** Opening SUPPLIED RECORDS block **

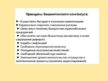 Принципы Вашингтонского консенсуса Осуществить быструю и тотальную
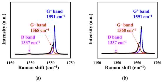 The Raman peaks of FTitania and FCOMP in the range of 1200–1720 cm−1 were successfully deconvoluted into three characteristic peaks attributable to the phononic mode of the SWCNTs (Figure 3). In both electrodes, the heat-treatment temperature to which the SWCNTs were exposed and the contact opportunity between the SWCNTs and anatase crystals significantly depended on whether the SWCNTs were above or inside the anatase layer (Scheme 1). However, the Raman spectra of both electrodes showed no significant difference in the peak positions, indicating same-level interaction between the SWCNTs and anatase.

** Closing SUPPLIED RECORDS block **
** Opening SUPPLIED RECORDS block **

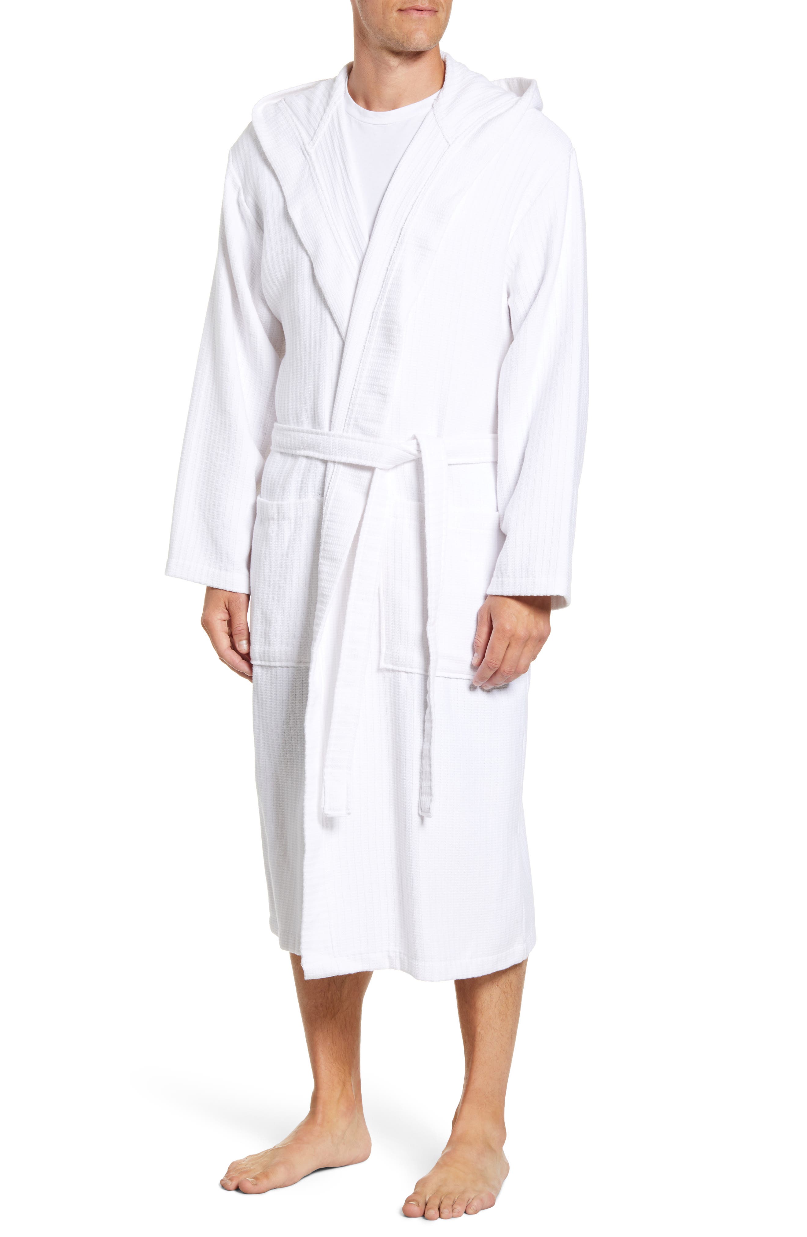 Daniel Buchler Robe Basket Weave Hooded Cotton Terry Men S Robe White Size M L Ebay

** Closing SUPPLIED RECORDS block **
** Opening SUPPLIED RECORDS block **

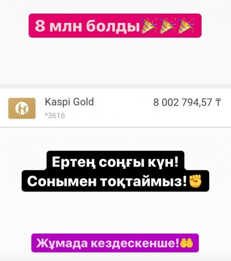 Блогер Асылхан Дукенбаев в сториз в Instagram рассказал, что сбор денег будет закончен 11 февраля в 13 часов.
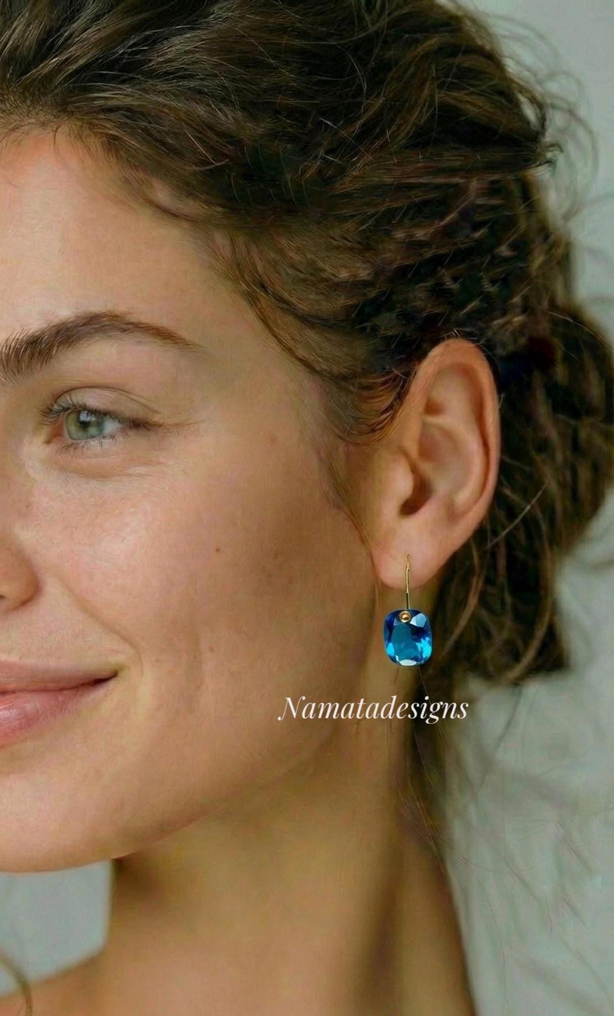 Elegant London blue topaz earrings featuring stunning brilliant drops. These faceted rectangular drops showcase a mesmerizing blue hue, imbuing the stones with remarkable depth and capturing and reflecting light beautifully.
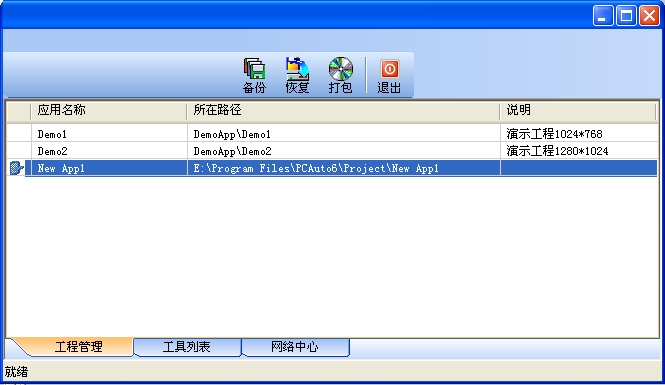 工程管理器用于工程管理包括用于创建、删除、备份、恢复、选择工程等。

** Closing SUPPLIED RECORDS block **

_THE TASK:_
Range to copy from the listing above: the line with "Elegant London blue" through the line with "工程管理器用于工程管理包括用于创建、删除、备份、恢复、选择工程等。". Transcribe it exactly and skip the pictures.

_ANSWER SECTION:_
 Elegant London blue topaz earrings featuring stunning brilliant drops. These faceted rectangular drops showcase a mesmerizing blue hue, imbuing the stones with remarkable depth and capturing and reflecting light beautifully.
 工程管理器用于工程管理包括用于创建、删除、备份、恢复、选择工程等。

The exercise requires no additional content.